角色提供了上下文和视角,确保生成的查询自然、特定于用户且多样化。通过根据不同用户视角定制查询,我们的测试集涵盖了广泛的场景

  • 首次乘机旅客: 生成带有详细分步指导的查询,针对需要清晰指示的新手。
  • 常旅客: 为经验丰富的旅行者生成简洁、注重效率的查询。
  • 愤怒的商务舱旅客: 生成带有批评、紧急语气的查询,以反映高期望和立即解决的需求。
from ragas.testset.persona import Persona

persona_first_time_flier = Persona(
    name="First Time Flier",
    role_description="Is flying for the first time and may feel anxious. Needs clear guidance on flight procedures, safety protocols, and what to expect throughout the journey.",
)

persona_frequent_flier = Persona(
    name="Frequent Flier",
    role_description="Travels regularly and values efficiency and comfort. Interested in loyalty programs, express services, and a seamless travel experience.",
)

persona_angry_business_flier = Persona(
    name="Angry Business Class Flier",
    role_description="Demands top-tier service and is easily irritated by any delays or issues. Expects immediate resolutions and is quick to express frustration if standards are not met.",
)

personas = [persona_first_time_flier, persona_frequent_flier, persona_angry_business_flier]

使用合成器生成查询

合成器负责将丰富的节点和角色转换为查询。它们通过选择节点属性(例如,“实体”或“关键词”),将其与角色、样式和查询长度配对,然后使用 LLM 根据节点内容生成查询-答案对来实现这一目标。

使用 SingleHopSpecificQuerySynthesizer 的两个实例来定义查询分布

  • 基于标题的合成器 – 使用提取的文档标题生成查询,从而产生引用特定章节的结构化问题。
  • 基于关键词的合成器 – 围绕关键概念形成查询,生成更广泛的主题问题。

两个合成器权重相等(各 0.5),确保了特定和概念性查询的均衡组合,最终增强了测试集的多样性。
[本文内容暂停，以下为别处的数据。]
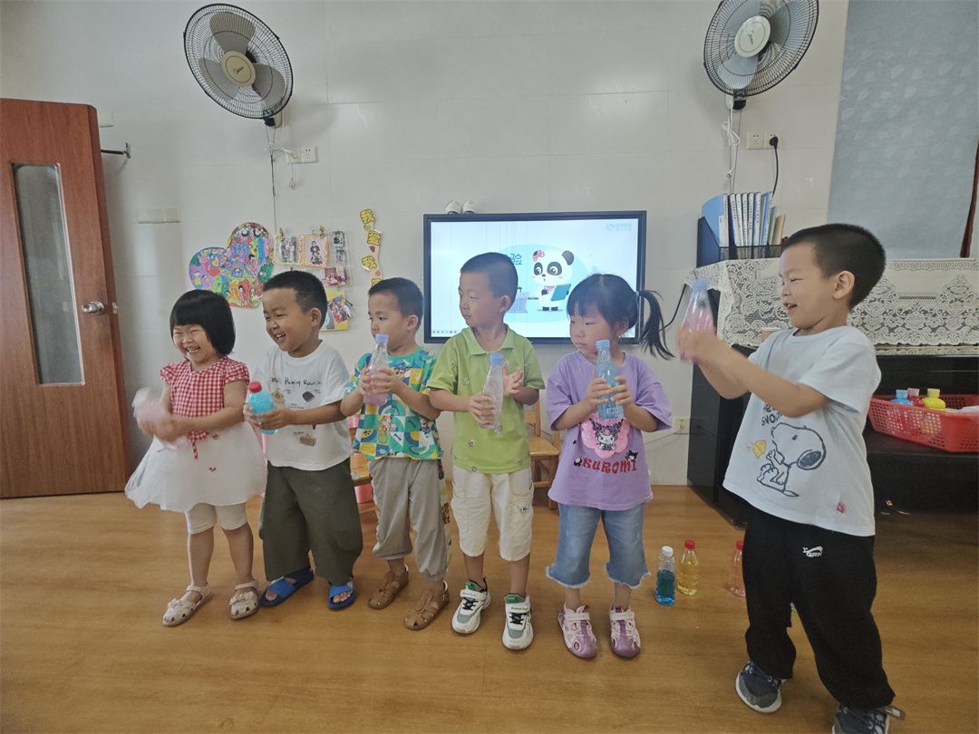 最神奇的莫过于我们的科学活动《会变色的瓶宝宝》了。当孩子们摇晃着装有颜色宝宝的瓶子,看着液体在加入不同溶液后变出彩虹般的颜色时,教室里响起此起彼伏的惊叹声。老师,我的瓶宝宝变成粉色啦!、哇!我的变成蓝色了!那一双双发亮的小眼睛里,盛满了对世界的好奇。活动结束后,小朋友们还自发组成了颜色侦探队,在教室里寻找会变色的物品呢!

from ragas.testset.synthesizers.single_hop.specific import (
    SingleHopSpecificQuerySynthesizer,
)

query_distibution = [
    (
        SingleHopSpecificQuerySynthesizer(llm=generator_llm, property_name="headlines"),
        0.5,
    ),
    (
        SingleHopSpecificQuerySynthesizer(
            llm=generator_llm, property_name="keyphrases"
        ),
        0.5,
    ),
]

测试集生成

from ragas.testset import TestsetGenerator

generator = TestsetGenerator(
    llm=generator_llm,
    embedding_model=generator_embeddings,
    knowledge_graph=kg,
    persona_list=personas,
)

现在我们可以生成测试集了。

testset = generator.generate(testset_size=10, query_distribution=query_distibution)
testset.to_pandas()
Generating Scenarios: 100%|██████████| 2/2 [00:00<?, ?it/s]
Generating Samples: 100%|██████████| 10/10 [00:00<?, ?it/s]
输出

用户输入 参考上下文 参考答案 合成器名称
0 Wut do I do if my baggage is Delayed, Lost, or... [Baggage Policies\n\nThis section provides a d... If your baggage is delayed, lost, or damaged, ... single_hop_specifc_query_synthesizer
1 Wht asistance is provided by the airline durin... [Flight Delays\n\nFlight delays can be caused ... Depending on the length of the delay, Ragas Ai... single_hop_specifc_query_synthesizer
2 What is Step 1: Check Fare Rules in the contex... [Flight Cancellations\n\nFlight cancellations ... Step 1: Check Fare Rules involves logging into... single_hop_specifc_query_synthesizer
3 How can I access my booking online with Ragas ... [Managing Reservations\n\nManaging your reserv... To access your booking online with Ragas Airli... single_hop_specifc_query_synthesizer
4 What assistance does Ragas Airlines provide fo... [Special Assistance\n\nRagas Airlines provides... Ragas Airlines provides special assistance ser... single_hop_specifc_query_synthesizer
5 What steps should I take if my baggage is dela... [Baggage Policies This section provides a deta... If your baggage is delayed, lost, or damaged w... single_hop_specifc_query_synthesizer
6 How can I resubmit the claim for my baggage is... [Potential Issues and Resolutions for Baggage ... To resubmit the claim for your baggage issue, ... single_hop_specifc_query_synthesizer
7 Wut are the main causes of flight delays and h... [Flight Delays Flight delays can be caused by ... Flight delays can be caused by weather conditi... single_hop_specifc_query_synthesizer
8 How can I request reimbursement for additional... [2. Additional Expenses Incurred Due to Delay ... To request reimbursement for additional expens... single_hop_specifc_query_synthesizer
9 What are passenger-initiated cancelations? [Flight Cancellations Flight cancellations can... Passenger-initiated cancellations occur when a... single_hop_specifc_query_synthesizer

最后思考

在本教程中,我们探索了使用 Ragas 库进行测试集生成,主要关注单跳查询。在即将发布的教程中,我们将深入研究多跳查询,扩展这些概念以获得更丰富的测试集场景。